TASK TO COMPLETE → Nothing but the lines from the one holding "用剪刀在爪背的每個腳趾方向劃" to the final line of the listing below, both included, should be repeated, and each must match exactly. Omit pictures.
★ ★ ★ ★
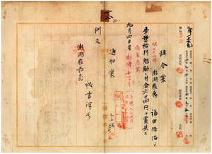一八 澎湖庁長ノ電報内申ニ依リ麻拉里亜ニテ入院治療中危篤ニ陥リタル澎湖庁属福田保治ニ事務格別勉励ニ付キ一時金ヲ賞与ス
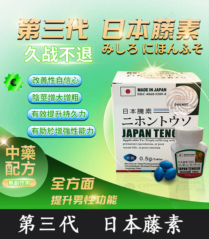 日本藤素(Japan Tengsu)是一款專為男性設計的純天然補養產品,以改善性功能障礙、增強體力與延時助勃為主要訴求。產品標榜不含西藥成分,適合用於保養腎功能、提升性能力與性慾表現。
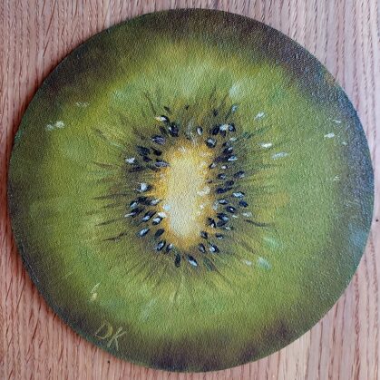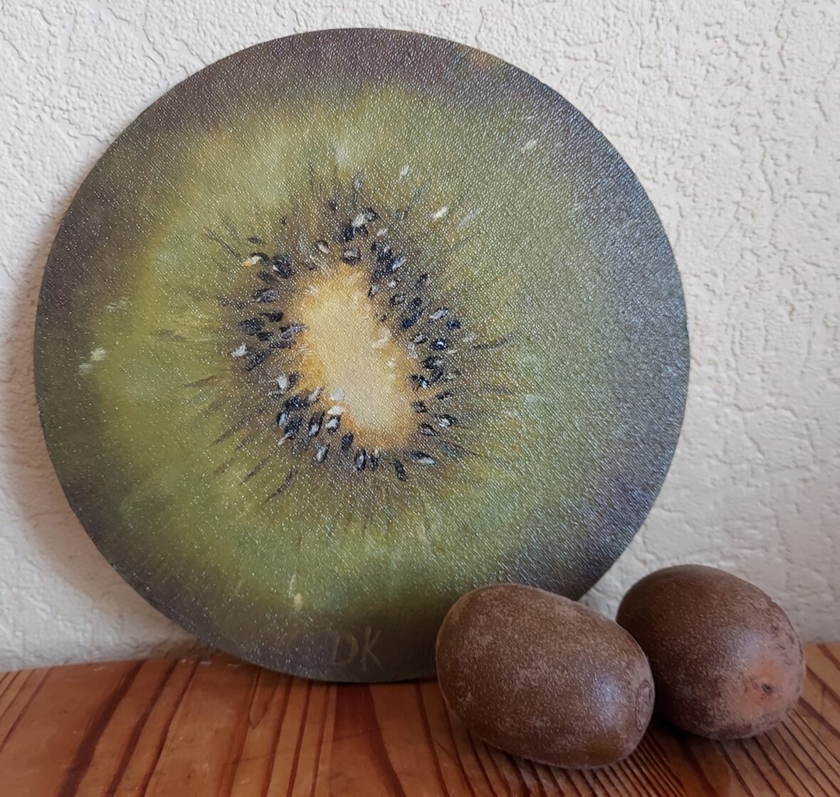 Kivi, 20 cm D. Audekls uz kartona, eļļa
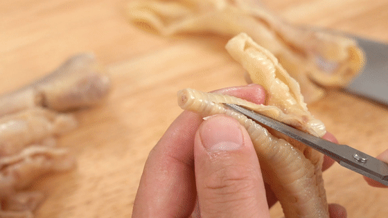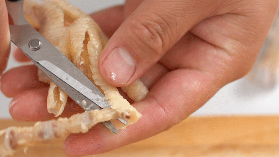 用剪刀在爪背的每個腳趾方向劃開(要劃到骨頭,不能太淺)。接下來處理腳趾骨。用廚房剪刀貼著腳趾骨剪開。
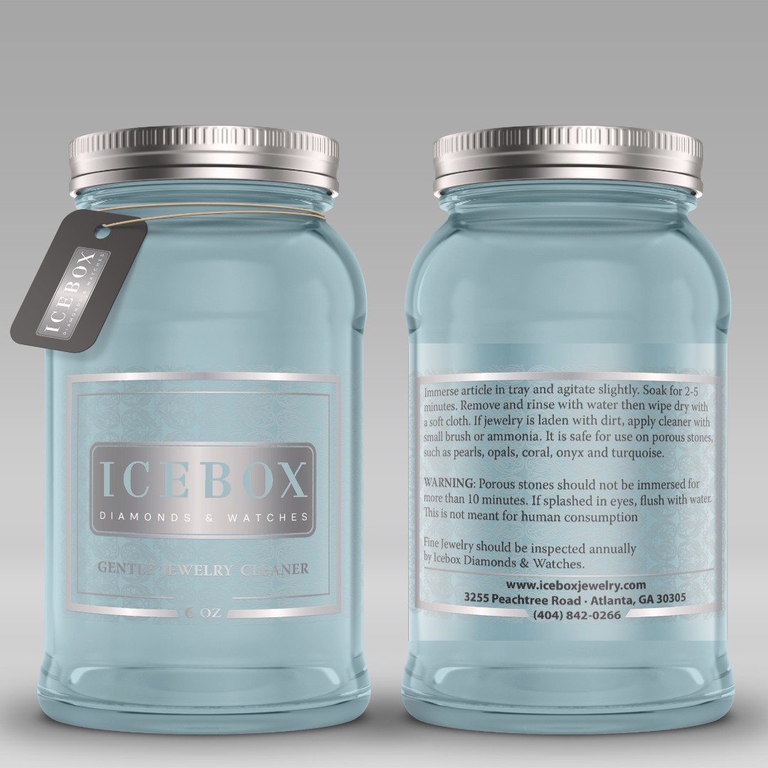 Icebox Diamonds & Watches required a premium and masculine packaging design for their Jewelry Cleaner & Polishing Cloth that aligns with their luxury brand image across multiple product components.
★ ★ ★ ★
WORKED SOLUTION →
 用剪刀在爪背的每個腳趾方向劃開(要劃到骨頭,不能太淺)。接下來處理腳趾骨。用廚房剪刀貼著腳趾骨剪開。
 Icebox Diamonds & Watches required a premium and masculine packaging design for their Jewelry Cleaner & Polishing Cloth that aligns with their luxury brand image across multiple product components.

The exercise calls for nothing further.